Un « choc PISA » s’est-il produit en France ?
Pas au sens d’une évolution convergente et brutale du débat public vers un ensemble de réformes au nom de PISA. Xavier Darcos, lorsqu’il était ministre de l’éducation, avait parlé de « choc PISA », mais à des fins politiques, pour légitimer ses positions - autonomie des établissements, accompagnement personnalisé -, et asseoir sa réforme du primaire. Le problème, c’est qu’entre les résultats de PISA et les préconisations politiques qui en découlent, il n’y a pas d’étape intermédiaire, pas d’explication contextualisée des résultats en fonction des particularités de chaque système. Comment savoir, alors, si ce qui marche dans un pays est exportable ailleurs ?

PISA a été longtemps décrié en France. Pourquoi ?
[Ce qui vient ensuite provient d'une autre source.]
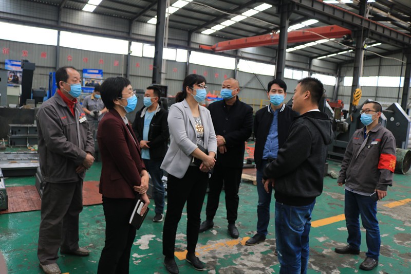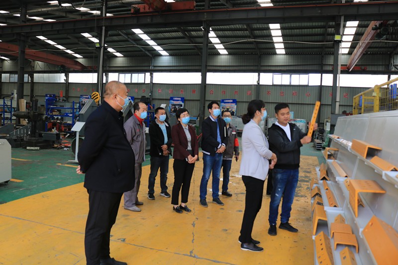 逯明書(shū)記一行首先來(lái)到了生產(chǎn)車(chē)間,現(xiàn)場(chǎng)考察企業(yè)在常態(tài)化疫情防控下的復(fù)工復(fù)產(chǎn)情況和面臨的困難。在裝配調(diào)試區(qū),逯書(shū)記詳細(xì)了解了一拖二全自動(dòng)口罩機(jī)、高速數(shù)控角鋼鉆孔生產(chǎn)線、新型高速數(shù)控角鋼沖孔打字剪切生產(chǎn)線等設(shè)備的裝配調(diào)試情況和生產(chǎn)過(guò)程中遇到的困難。

Il y a des raisons méthodologiques et des raisons politiques. Il faut savoir qu’aucun expert français n’a participé au consortium international à l’origine du premier cycle PISA, que cette enquête n’évalue pas les connaissances attendues dans les programmes mais des compétences, et qu’elle repose sur une conception de l’évaluation peu valorisée en France. Depuis le milieu des années 1990, la DEP [direction de l’évaluation et de la prospective] a tenté de promouvoir au niveau européen une méthode alternative d’évaluation internationale des acquis des élèves. Grosso modo, plutôt que de sélectionner certains items et de les traduire dans plusieurs langues, l’idée était de partir d’exercices conçus en langue maternelle et de s’assurer que leur degré de difficulté soit comparable. Ce projet n’a pas convaincu. Il y a par ailleurs un effet de conjoncture politique. Quand les résultats de PISA 2000 sont publiés, le ministre de l’éducation, Jack Lang, est mandaté pour produire un consensus autour d’un programme éducatif, à l’approche de l’élection présidentielle de 2002. Le ministère de l’éducation n’a aucun intérêt à s’appuyer sur une enquête estampillée par certains syndicats comme le temple du néolibéralisme. La communication officielle du ministère insiste alors sur les biais méthodologiques de PISA, tels que l’âge auquel sont évalués les élèves, 15 ans, qui ne correspond pas à la fin de scolarité obligatoire en France, ou encore l’usage des QCM.

Cette enquête est-elle légitime aujourd’hui ?
Oui, et le changement de ton se produit en 2005-2006, pour plusieurs raisons. A ce moment-là, la DEPP [ex-DEP] est réorganisée pour mieux répondre aux besoins de la LOLF [loi organique relative aux lois de finances]. La nouvelle direction, dans la lignée des positions des ministres successifs depuis 2005, considère que PISA est bien fondé et que l’on peut s’y référer. Les partis politiques préparent leur offre politique en vue de la présidentielle de 2007. La droite s’appuie sur PISA et d’autres classements pour légitimer les réformes à mettre en œuvre. A une réunion de la convention UMP sur l’éducation en février 2006, Nicolas Sarkozy déclare : « Je voudrais que l’on tire les conséquences de ce que nous apprend PISA. » La seconde raison de ce tournant est technique. La France parvient progressivement à pénétrer les instances de conception de PISA. Enfin, la LOLF, qui entre en vigueur au 1er janvier 2006, amène à un nouveau pilotage du système éducatif, fondé sur des objectifs et des indicateurs de performance. Dans ce contexte, PISA n’est plus un outil isolé mal compris, mais une référence centrale, reprise dans le décret sur le socle commun.